Film review | The Unknown Girl: All about the girl(s)

Your friendly neighbourhood film critic is currently in Rome, sampling the cinematic delights of the Eternal City – here’s hoping some of these gems make their way down to our shores • 3/5

Out of sight, never out of mind: Jenny (Adele Haenel) is a guilt-ridden young doctor in the Cannes-premiered new feature by Belgium’s Dardenne brothers
Out of sight, never out of mind: Jenny (Adele Haenel) is a guilt-ridden young doctor in the Cannes-premiered new feature by Belgium’s Dardenne brothers

This time, I’m alerted to the fact that there will be no intermission very clearly: with a plaque announcing the fact in the lobby of the Nuovo Sacher (http://www.sacherfilm.eu/), surrounded by beautiful film posters and a bar from which an old lady emerges with a slice of the titular ‘Sachertorte’ in hand – almost a citation in and of itself.

“Let’s carry on doing ourselves some harm, shall we?”, Nanni Moretti espouses in his own film Bianca (1984), in shocked response to a fellow diner’s ignorance of the exact same chocolate cake... the Italian director also being a co-owner of the exact same cinema since 1991, along with his production company Sacher Film.

And so, there will be no interruptions for The Unknown Girl – a Cannes-premiered production from the celebrated Belgian sibling duo the Dardenne brothers – a film which anyway does not interrupt the insistent gaze it fixes on its protagonist, a young and energetic doctor from Liegi, Jenny (Adele Haenel). The camera appears magnetically attached to her, like the necessary and inevitable spirit of remorse, which in fact colours her ethical and emotional trajectory throughout this 113-minute feature. 

It is almost as though Jenny doesn’t want us to avert our eyes from her guilt... but it’s a guilt that’s shared. “Don’t look at me!” another character will in fact tell her later on, in a scene that the directors may as well have cut, along with the seven minutes they originally excised in response to criticism following The Unknown Girl’s lukewarm Cannes debut. However, this fairly useless scene – the details of which I will of course not spoil – still does its job to put forward the sense of a shared responsibility, one that is rejected in the interest of maintaing the status quo, however miserable it may be. And against the backdrop of Liegi, a city that is opaque by day and imperceptible by night – a perspective that brings to mind the crucial myopia of the young boy in Gianfranco Rosi’s Fuocoammare (which tackles the immigration crisis directly where the Dardennes take a more allegorical route), indifference reigns in response to individuals who feel remote to us. So much so, that the corpses they leave behind appear bereft of any trace, even a name. 

In fact, the city is like a ‘dry Mediterranean’, in which men and women on the ‘clandestine’ side of the geographical and social spectrum are drowned, and with them drowns the humanity and dignity of those who stay behind and do their best to remain mere spectators, if not worse.

But Jenny refuses to adhere to the marked ‘omerta’ of the rest of her community, and wants to give a name to the woman whom she refused entry an hour after closing time (paradoxically, a refusal that comes about not for lack of professionalism but due to an excessive show of authority in front of a young trainee).

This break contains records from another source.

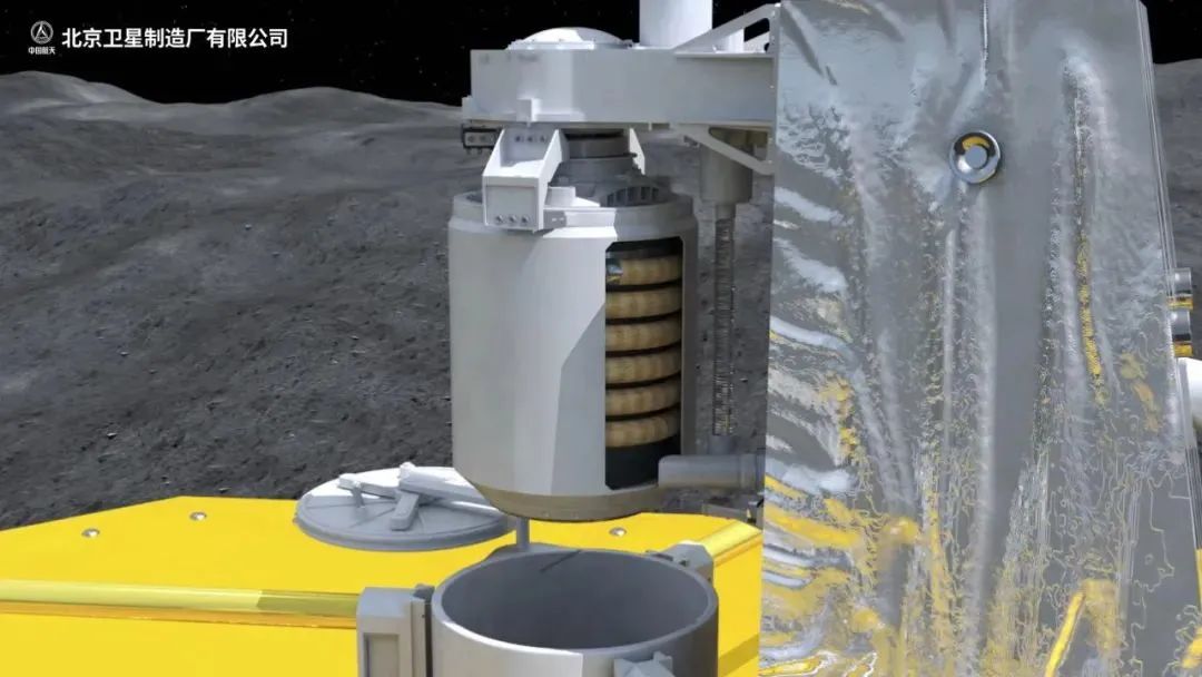 在月面工作階段,該系統根據預先設定的指令開始工作,先解除蓋體鎖定,讓蓋體豎直抬升、轉動一定角度,將容器口完全敞開;待所有樣品裝入容器後,蓋體原路返回,通過火工組件鎖緊並進行高真空密封。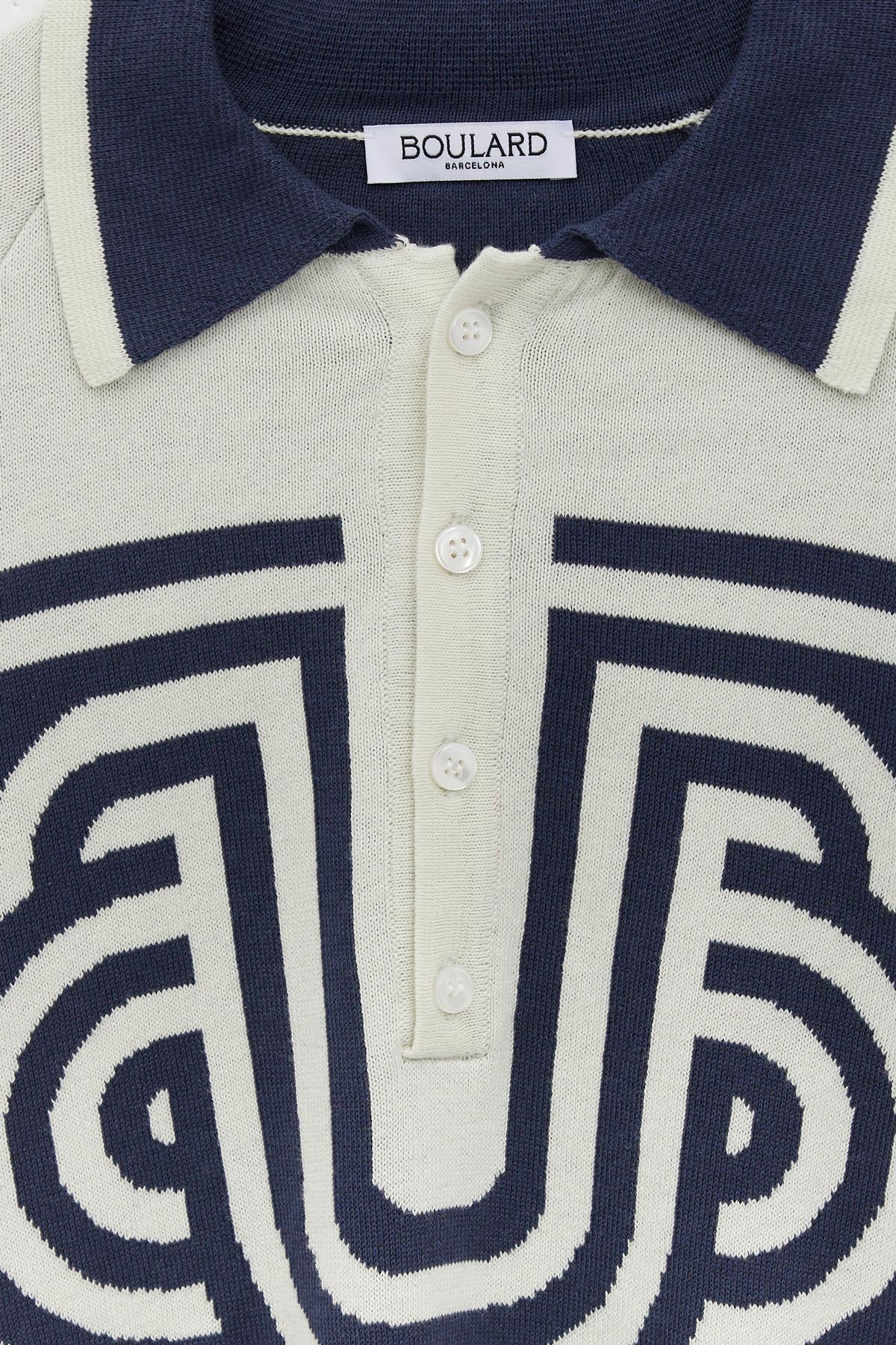 The polo shirt is by far the most iconic "Breton" piece, reinvented by UB for this collection. The combination of organic cotton and cashmere elevate this piece making it incredibly soft to the touch. This garment stands out for its special making, with the raglan sleeves and the collar with the traditional machine output marks. The tubular jacquard UB logo across the front and the pearlescent buttons give the piece a unique look while maintaining the essence of the traditional French “Marinière”.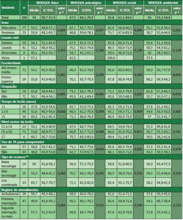 Os resultados evidenciaram maiores escores de qualidade de vida, envolvendo pelo menos um dos quatro domínios investigados pelo WHOQOL-bref, para os participantes do sexo feminino, com níveis de escolaridade mais elevados, que tinham alguma ocupação, com mais de cinco anos de lesão e que utilizavam TA para acessar computadores. Não foram observadas diferenças com significância estatística nos escores de qualidade de vida de usuários e não usuários de TA, quando comparados por nível e extensão da lesão. Este resultado pode estar associado ao fato de a amostra ser composta apenas por pessoas com tetraplegia e, portanto, com comprometimento motor semelhante.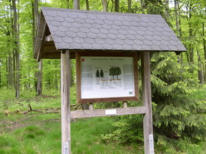 Die Schilder am Waldlehrpfad erklären uns vieles über die Eigenschaften der Bäume.

She does not want for this woman to simply remain a series of images on a CCTV camera, an image she then copies onto her mobile phone to begin an obsessive search of her own, after the police inform her that the girl died that same night, just a few metres away from the clinic. The frenetic course of events that follows – as Jenny endevours to take the investigation into her own hands – is limited to “only” discovering the name of this poor girl, and takes our protagonist beyond the walls of her clinic and into the houses of her patients and the confines of other erstwhile informants – who are always protected by these same limits, and other codes of silence. 

Then there’s the sound of the intercom – with all subsequent sounds recalling that fateful first one which wasn’t heeded – and which violently interrupt any sense of calm or, in fact, status quo. It is Jenny now who sets about creating her own disruptions in homes, internet cafes and trailer parks – forcing her reluctant interviewees to look at the picture of the scared young girl whom they insist they do not recognise. 

And just as the Dardennes refuse to indulge in long shots – preferring mid-shots or claustrophobic close-ups – neither do they allow expansive dialogue among ensembles, instead opting for clipped conversations among two, or at most three, characters at any given time. It is always Jenny who is the intermediary in these exchanges... both balancing and overstepping the limits of work and investigation, draped in what becomes a signature lined coat – the costume that the Dardennes choose for their superheroine of sorts.